Universal evaluation API for a DCR.

• Classical Limit: Pass q = 1.
• Root of Unity (TQFT): Pass k (integer level).
• Complex Analytic: Pass q (complex or real parameter).
• Precision is controlled by exact (Float64 vs Rational/Cyclotomic).

CyclotomicMonomial

An unspecialized algebraic term: M(q) = σ * qᴾ * Π Φd(q)ᵉᵈ. Stored as a sparse, sorted vector of (d => exponent) pairs for efficiency. Φd(q) are cyclotomic polynomials.

DCR

The Deferred Cyclotomic Representation: A combinatorial skeleton of a q-hypergeometric series. Separates combinatorial summation from numerical/geometrical projection.

add_qint!(buf::CycloBuffer, n::Int, p::Int=1)

Algebraically multiplies the buffer by ([n]_q)^p.

add_qfact!(buf::CycloBuffer, n::Int, p::Int=1)

Algebraically multiplies the buffer by ([n]_q!)^p.

project_discrete(m::CyclotomicMonomial, k::Int, ::Type{T}=Float64)

Evaluates [n]q or dimensions at SU(2)k. Returns the real value (signs are tracked, complex phases are ignored)

project_discrete(res::DCR, k::Int, ::Type{T}=Float64)

Thread-safe, Zero-Allocation evaluator for full DCR symbols (e.g., 6j, 3j).

project_exact(m::CyclotomicMonomial, k::Int)

Evaluates a single monomial exactly. Returns a Nemo nf_elem.

project_exact(dcr::DCR, k::Int)

Evaluates a DCR series exactly for discrete level k. Returns a CompositeExactResult.

project_classical(m::CyclotomicMonomial, ::Type{T}=Float64) -> T

Evaluate monomial m at q -> 1. Returns a real value of type T.

project_classical(dcr::DCR, ::Type{T}=Float64) -> T

Evaluate the full DCR series at q -> 1 using a single-pass Streaming Log-Sum-Exp algorithm to prevent overflow/underflow.

project_classical_exact(m::CyclotomicMonomial) -> ClassicalResult

Evaluate monomial m exactly at q → 1. Returns a ClassicalResult encodes σ · √(val) where val is a Rational{BigInt}.

project_classical_exact(dcr::DCR) -> ClassicalResult

Evaluate the full DCR series exactly at q -> 1 as a Rational{BigInt}.

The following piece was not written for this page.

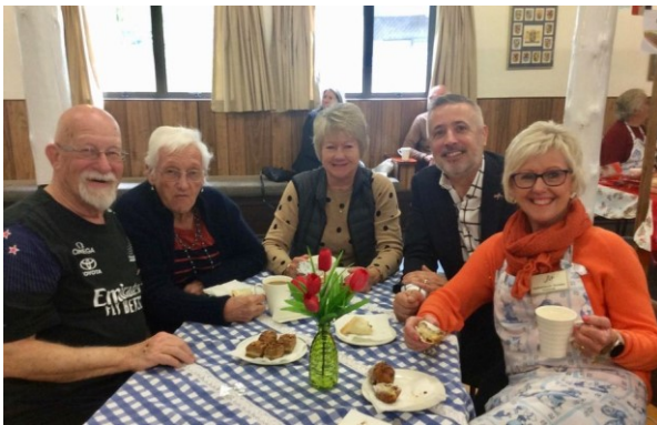
A visit from the Dutch Ambassador

Algorithm (four passes, no GCD on every ratio):

1. Find the global denominator exponents
2. Denominator + N_0 reconstruction
3. Sum hot loop — accumulate numerators over D_glob
4. Fuse prefactor — multiply root and radical

Function is fully thread-safe.

project_analytic(m::CyclotomicMonomial, q::Number)

Evaluates a single quantum monomial

project_analytic(dcr::DCR, q::Number)

Fast, thread-safe for evaluating TQFT symbols at any generic q.

empty_caches!()

Useful for freeing RAM during long interactive sessions or resetting state for benchmarking.